There are 4 GPU nodes with 10 cuda devices each on your k8s cluster. The total available GPU cuda devices is 40.

There are 2 teams sharing this cluster. you tell them to only use 20 cuda devices each.

Both teams are respectful of this. Team A works with smaller models and team B works with bigger models.

Team A deploy 6 training each using 3 cuda devices for a total of 18 consumed cuda devices.

Team B goes to deploy a model which needs 8 cuda devices. Of course they expect this to be able to run. Officially they have 20 cuda devices free. However this job fails to start.

Why does it fail to start?

When we look at the pod layout on the nodes we see

Node name pod state resource state has resources to run team Bs job
Node 1 Running 2 Team A jobs (6 cuda devices in use, 4 free)
Node 2 Running 2 Team A jobs (6 cuda devices in use, 4 free)
Node 3 Running 1 Team A job (3 cuda devices in use, 7 free)
Node 4 Running 1 Team A job (3 cuda devices in use, 7 free)

This is really frustrating because we want it to pack jobs onto the same nodes where possible so that there is a single block of 8 GPUs free for Team B to consume. The ideal pod layout would look like

Node name pod state resource state has resources to run team B's job
Node 1 Running 3 Team A jobs (9 cuda devices in use, 1 free)
Node 2 Running 3 Team A jobs (9 cuda devices in use, 1 free)
Node 3 Empty, this is able to take a job from team B (0 cuda devices in use, 10 free)
Node 4 Empty, this is able to take a job from team B (0 cuda devices in use, 10 free)
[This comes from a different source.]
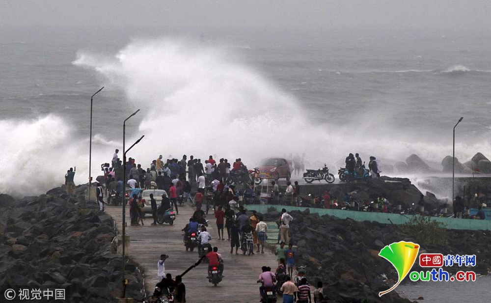 當(dāng)?shù)貢r(shí)間2018年12月16日,印度欽奈,颶風(fēng)“佩太”正向印度東海岸逼近,引發(fā)狂風(fēng)巨浪。
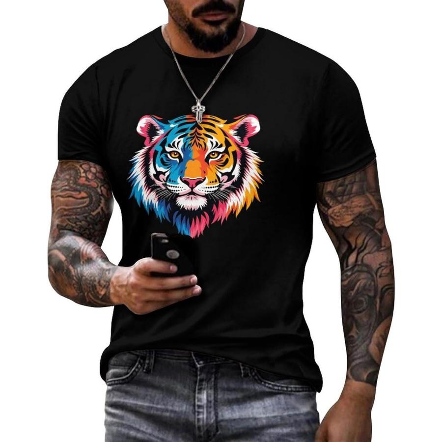 Crewneck Casual Colorful Tiger, Animal Art Shirt Cotton T-Shirt Summer Tee

Resources should never sit idle if there is actual demand for them 🚫 🏭

Problem Scenario 3: Blocked from using available resources

There are 4 GPU nodes with 10 cuda devices each on your k8s cluster. The total available GPU cuda devices is 40.

There are 2 teams sharing this cluster. you tell them to only use 20 cuda devices each.

Team A has used up all of its GPUs on training.

Team B are focusing on one model at the moment and often aren't using most of their allocated resources.

It is senseless to leave the GPU sitting idle. Team A should be able to consume the resources that belong to the other team under the knowledge that they could be pushed off them at anytime. As long as they are checkpointing the training often this shouldn't be an issue.

Existing solutions 🛠️

RUN:AI (https://www.run.ai/)

Run AI supports all these use cases. But its not open source. We would be an open source alternative.

Build it your self 🏗️

Some of this functionality could be build by a k8s admin. For example they could assign namespaces to teams and create a resourceQuote per namespace. This addresses problem 1. But it doesn't address fragmentation issues or allowing over quota.

This solution will cost your company a lot of money holding onto extra resources because of fragementation and not supporting over quota

Why is VDK well positioned?

Current VDK control plane impl:

  1. Currently it is a system that monitors your kubernetes cluster. It listens for jobs created, finished etc..
  2. When it is deploying a job it dynamically builds the k8s yaml files

These is powerful functionality to build on:

  1. This allows it to dynamically deal with fragmentation. At deploy time we can look at which nodes have free resources and select the most appropriate node by dynamically adding node affinity to the job right before it is deployed.
  2. The same is true for over quota. If there are free resources we can let a team run extra work. When a team which has free resources goes to deploy a job and there are no free resources on the cluster we can scan the cluster and kill a job of a team which is over quota.